Możliwości blokowania decyzji w Radzie Europejskiej przez Viktora Orbána są coraz mniejsze. Szefostwo Rady i państwa członkowskie są gotowe do sięgania po presję, której do tej pory wobec Węgier nie używano
Szefowie rządów państw członkowskich spotkali się dziś w Brukseli na nadzwyczajnym szczycie UE, by podjąć decyzję o rewizji długoterminowego budżetu UE. Jednym z jej najważniejszych punktów było wpisanie do wieloletnich ram finansowych pakietu pomocy dla Ukrainy o wartości 50 miliardów euro na 4 lata. W tym 33 miliardów euro gwarancji pożyczkowych i 17 miliardów bezzwrotnej pomocy. Ale nie tylko.
W ramach rewizji budżetu rozważane było też zwiększenie finansowania na:
Do samego rozpoczęcia spotkania nie było wiadomo, jak będą przebiegać negocjacje.
„Nie jestem w stanie pojąć tego bardzo dziwnego i egoistycznego sposobu rozgrywania gry przez Viktora Orbána (…) W sprawie Ukrainy nie ma planu B. To do Viktora Orbána należy decyzja, czy Węgry są częścią naszej społeczności, czy nie. Moja intuicja mówi, że znajdziemy na tyle mocne argumenty, by koniec końców przekonać także Viktora – powiedział premier Polski Donald Tusk tuż przed wejściem do sali obrad.

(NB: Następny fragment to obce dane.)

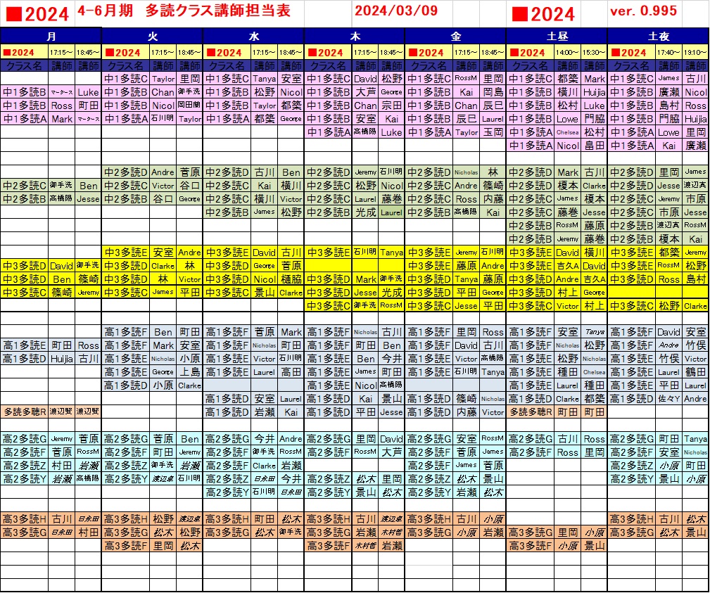クラス分け試験の結果を反映し、一部クラス編成に変更がありました。今後も、クラス分け試験・入会試験の結果により一部変更されることがあります。

Wszystkie państwa członkowskie oraz szefostwo Rady Europejskiej obstawały za wpisaniem pakietu pomocy dla Ukrainy do wieloletniego budżetu UE, czyli wieloletnich ram finansowych (WRF). Pomoc miała być uzgodniona raz, a Ukraina miała mieć zapewnione stabilne i przewidywalne finansowanie.
Negocjacje w tej sprawie toczyły się już podczas szczytu UE w grudniu. Wówczas Viktor Orbán również zgłosił weto.

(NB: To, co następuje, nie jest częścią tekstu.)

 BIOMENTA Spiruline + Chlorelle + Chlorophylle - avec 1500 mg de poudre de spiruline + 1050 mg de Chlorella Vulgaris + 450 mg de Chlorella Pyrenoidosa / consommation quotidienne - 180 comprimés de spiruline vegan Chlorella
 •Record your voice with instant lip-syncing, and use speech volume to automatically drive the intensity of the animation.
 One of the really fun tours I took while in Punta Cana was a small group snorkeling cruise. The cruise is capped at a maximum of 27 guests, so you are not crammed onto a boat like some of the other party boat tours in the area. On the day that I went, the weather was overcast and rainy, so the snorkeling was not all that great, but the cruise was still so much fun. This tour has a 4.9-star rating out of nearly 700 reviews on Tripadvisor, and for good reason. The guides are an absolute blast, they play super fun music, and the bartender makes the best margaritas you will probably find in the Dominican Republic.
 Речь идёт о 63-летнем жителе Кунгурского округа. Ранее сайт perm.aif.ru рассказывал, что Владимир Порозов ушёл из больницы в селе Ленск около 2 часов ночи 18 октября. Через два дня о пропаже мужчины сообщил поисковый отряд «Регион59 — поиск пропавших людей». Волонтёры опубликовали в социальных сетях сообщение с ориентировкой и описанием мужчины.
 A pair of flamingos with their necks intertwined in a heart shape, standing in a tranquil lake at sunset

Oprócz odblokowania środków unijnych dla Węgier, Orbán domagał się, by zamiast długofalowej pomocy wpisanej w wieloletni budżet UE, o makrofinansowym wsparciu dla Kijowa decydować co roku w ramach negocjacji rocznego budżetu UE. Jednocześnie domagał się, by negocjacje te, zamiast większości kwalifikowanej, opierały się na zasadzie jednomyślności.
„Takie rozwiązanie dałoby premierowi Węgier możliwość wetowania unijnego budżetu co rok. Żadne państwo członkowskie nie chciało się na to zgodzić” – mówił dziennikarzom wysoki rangą unijny urzędnik obecny przy negocjacjach.
Zdaniem węgierskiej opozycji taki ruch ze strony premiera Węgier wynika z potrzeby posiadania karty przetargowej. To strategia, którą Orbán posługuje się od lat.
„Orbán wie, że jego problemy z uzyskaniem funduszy unijnych szybko się nie skończą. Nie ma bowiem zamiaru rozmontowywać zbudowanego przez siebie kleptokratycznego systemu ani przywracać praworządności. Prawdopodobnie sądzi, że szantażem zdoła coś ugrać. Ale jak pokazuje praktyka, idzie mu słabo. Fundusze unijne wciąż nie płyną na Węgry” – mówiła OKO.press Katalin Cseh, europosłanka Momentum, największej partii opozycyjnej na Węgrzech, w rozmowie podczas szczytu UE w październiku 2023.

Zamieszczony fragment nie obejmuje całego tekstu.